The ‘Other Transmissions’ exhibition is the result of creative collaboration on equal terms between a mixed group of learning disabled and non-learning disabled artists. The artwork has developed from conversations around labelling, categorisation, the power dynamics of the art world and the meaning of collaboration. The artists have spent time with the MKOAC, researching collection pieces and having engaging conversations on how artists are labelled, and how this can sometimes define their work and themselves as ‘different’. The artists have explored how the category of ‘Outsider Art’ can be seen, in their words, as either ‘isolating’ or ‘liberating,’ or perhaps both. The artists concurrently spent five months in a shared studio space at Venture Arts producing collaborative work. The diverse work they have produced spans sound, film, digital artwork, drawings and sculpture, as well as costumes for performances.
Each of the artists has selected a number of artworks from the MKOAC, which they have co-curated into a display alongside their own work. Some of the collection artists featured include Madge Gill, Albert Louden and Michel Nedjar.

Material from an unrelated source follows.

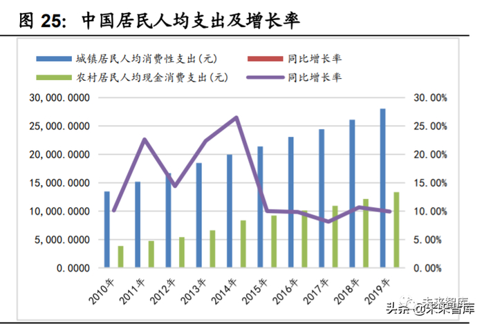 医疗美容属于可选消费,可支配收入增长是医疗美容市场增长的基础驱动力。中 国经济处于较为平稳上升的阶段,2014-2019 年,中国城镇及农村居民人均可 支配收入年复合增长率均高达 9%,人均消费支出年复合增长率分别达到 8.5%、 14.76%。消费升级不断,为国民医美消费能力提供坚实保障。
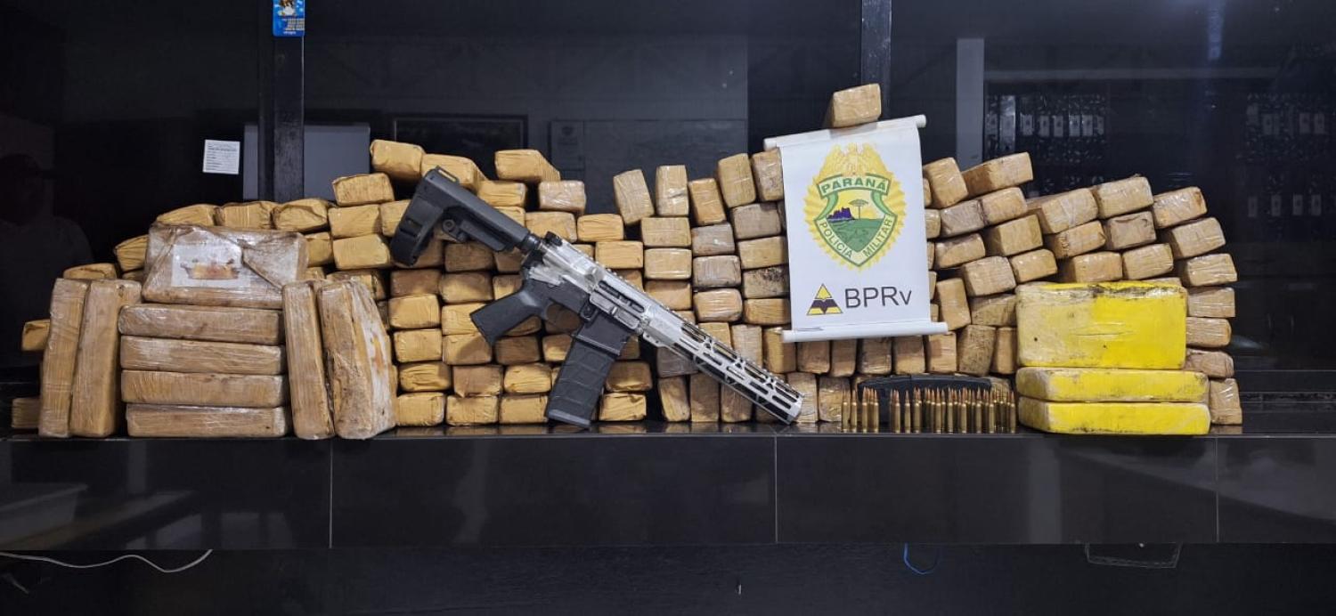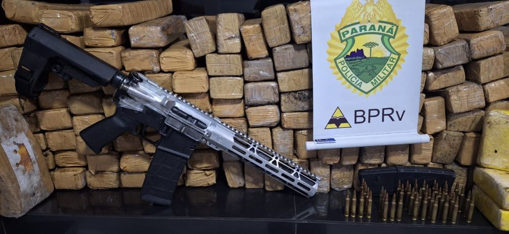 A apreensão aconteceu nas proximidades de Francisco Beltrão, no Sudoeste do Estado, no início da noite. A arma e as drogas estavam escondidas dentro do estepe de uma carreta do Paraguai, carregada com milho.

Other Transmissions is a partnership project with Venture Arts, a Manchester based visual arts organisation that works to build the work and careers of learning-disabled artists. The exhibition originated from a project that took place in 2018-19 called Conversation Series II, which was a partnership project between Venture Arts, the Whitworth and Castlefield Gallery.

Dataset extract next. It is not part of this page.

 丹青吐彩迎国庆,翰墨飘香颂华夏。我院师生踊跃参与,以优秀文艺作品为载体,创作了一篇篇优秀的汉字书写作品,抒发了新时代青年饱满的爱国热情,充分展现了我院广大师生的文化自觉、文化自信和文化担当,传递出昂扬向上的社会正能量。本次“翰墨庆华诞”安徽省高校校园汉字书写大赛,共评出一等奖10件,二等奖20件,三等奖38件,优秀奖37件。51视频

Elements of the work will also go on display at Grundy Art Gallery, Blackpool (7-21 March 2020).
Conversations Series II: Other Transmissions
Grundy Art Gallery
7 – 21 MARCH 2020
To devise and deliver our year-round programme, Grundy Art Gallery works in partnership with a wide range of local, national and international individuals and organisations to ensure that our activity is of interest and relevance to as wide a sector of the community as possible. It is this approach to collaborative working that has brought us to Venture Arts, Castlefield Gallery, the Whitworth and their partnership project, Conversations Series II – Other Transmissions.

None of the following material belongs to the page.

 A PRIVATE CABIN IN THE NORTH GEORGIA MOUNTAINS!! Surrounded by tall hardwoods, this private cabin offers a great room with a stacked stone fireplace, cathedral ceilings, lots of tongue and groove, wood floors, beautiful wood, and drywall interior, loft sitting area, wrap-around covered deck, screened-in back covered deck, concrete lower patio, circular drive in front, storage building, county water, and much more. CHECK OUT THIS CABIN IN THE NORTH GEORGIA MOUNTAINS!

From October 2019 to February 2020, artists with and without disability have met regularly at The Blackpool Centre for Independent Living as part of The New Langdale’s communication through art programme. The New Langdale is a community based daytime service for adults with a learning disability which provides a wide range of stimulating and outcome based activities. Here, working with Blackpool based artist Tina Dempsey, and supported by the group’s regular coordinators, participants have been making new work together, testing out new approaches, techniques and materials. This process has been accompanied by research visits to Grundy Art Gallery and the Whitworth in Manchester; where participants experienced a talk and tour of The Musgrave Kinley Outsider Art Collection and a visit to Venture Arts studios in Hulme, to see the facilities, meet other artists, and to hear more about their work.
Conversations Series II: Other Transmissions is presented by Grundy Art Gallery as part of its participation in Access Fylde Coast, a Coastal Communities funded project that is being led by Disability First, Blackpool. It follows on from Grundy Art Gallery’s summer 2019 presentation, NDACA - Art, Anger and Rights from the Disability Artsmovement, an exhibition curated in partnership with the National Disability Arts Collection and Archive (NDACA).
Grundy Art Gallery is Blackpool’s art gallery and offers a year round programme of contemporary visual art exhibitions and events including solo and group exhibitions together with talks, workshops and educational activities. The gallery is housed in a Grade II listed Carnegie building and has a collection that was commissioned by Blackpool Council in 1908, following a bequest by brothers John and Cuthbert Grundy. Grundy Art Gallery is an Accredited Museum. It is supported by Blackpool Council and also receives regular funding as one of Arts Council England’s National Portfolio Organisations.